Abbas has worked for EGG-energy since 2010.  He was recently promoted to the site manger position, where he has shown great energy and initiative.  His previous jobs include revenue collection for the city of Dar es Salaam’s environmental services, and merchandising for Coca Cola.

 

Jonathan - Chanika Station Manager

Jonathan has been working with EGG-energy since early 2010.  Before joining the team, he served in the Tanzanian Navy.  Jonathan is responsible for managing the battery-swapping at Chanika, and keeps the charging station well organized.  In this picture, he is measuring the voltage of a battery.

 

Issa - Technician

Issa jointed EGG in August, 2011.  He finished secondary school Form 4 in 2010, and has learned technical skills through on-the-job training with EGG.

 

Mohamed - Technician

Mudi has been an EGG technician since 2010.  Always an outstanding employee and electrician, he has recently been instrumental in helping to set up the new EGG-energy franchise in Iringa.

Mohamed - Technician

Mudi is Jonathan’s eldest son, and has been with EGG since August 2011.

Fortunatus - Mbgala Site Manager

Fortunatus joined EGG in 2010.  His past work experience includes sales, accounting, and warehousing.  He completed an advanced diploma in Accountancy in May of 2010.

Omari - Technician

Omari began work as an EGG-energy technician in November of 2011.  Omari holds a certificate in Electrical Installation from the Vocational Education and Training Authority of Dar es Salaam, and has five years prior work experience as an electrician.

Nabira - Administrative Assistant

Nabira joined EGG in November 2011 to help manage the Mbgala station.  She has completed a Certificate in Law, and is taking evening classes in Dar es Salaam towards a Diploma in Law.

Kiiya - Sales Team Manager

Kiiya joined EGG-energy in August 2011 to lead a team of free-lance salespeople.  He previously worked in sales for a mobile phone service provider.  Kiiya has been successful in helping us reach out to new customers over the past few months, and we hope his team continues their hard work into 2012.

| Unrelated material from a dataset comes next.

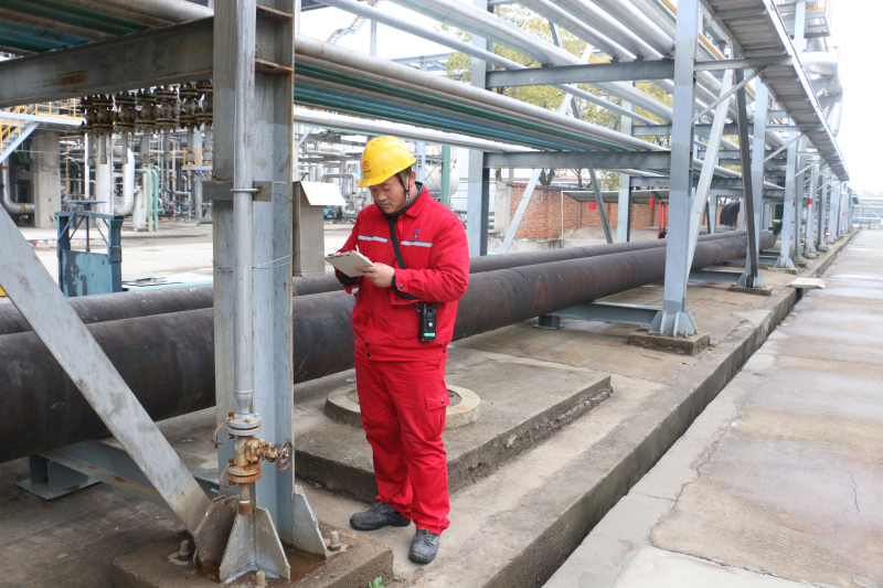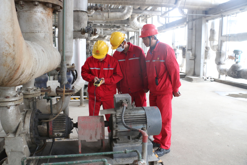 炼化党支部委员、副总经理邵清平对沥青装置稳定二中泵振动值及轴温进行监测,确保生产安全稳定。

Japhet, Tino & Swebe - Sales Team

These three young men work closely with Kiiya to bring new customers to EGG, and to assess new areas for expansion of our services.  They have been working for EGG-energy since September.

 

EGG Holiday Party

This photo includes the employees mentioned above, plus Solomon (hiding in back), Jamie and myself (Anne).  In the front row are Reuben and Anya, two MIT Sloan students who are here for two weeks to help EGG with our human resources strategy.

 

EGG at Cocoa Beach

 

 

On behalf of the EGG-energy team in Tanzania, best wishes for a happy, healthy, and successful 2012!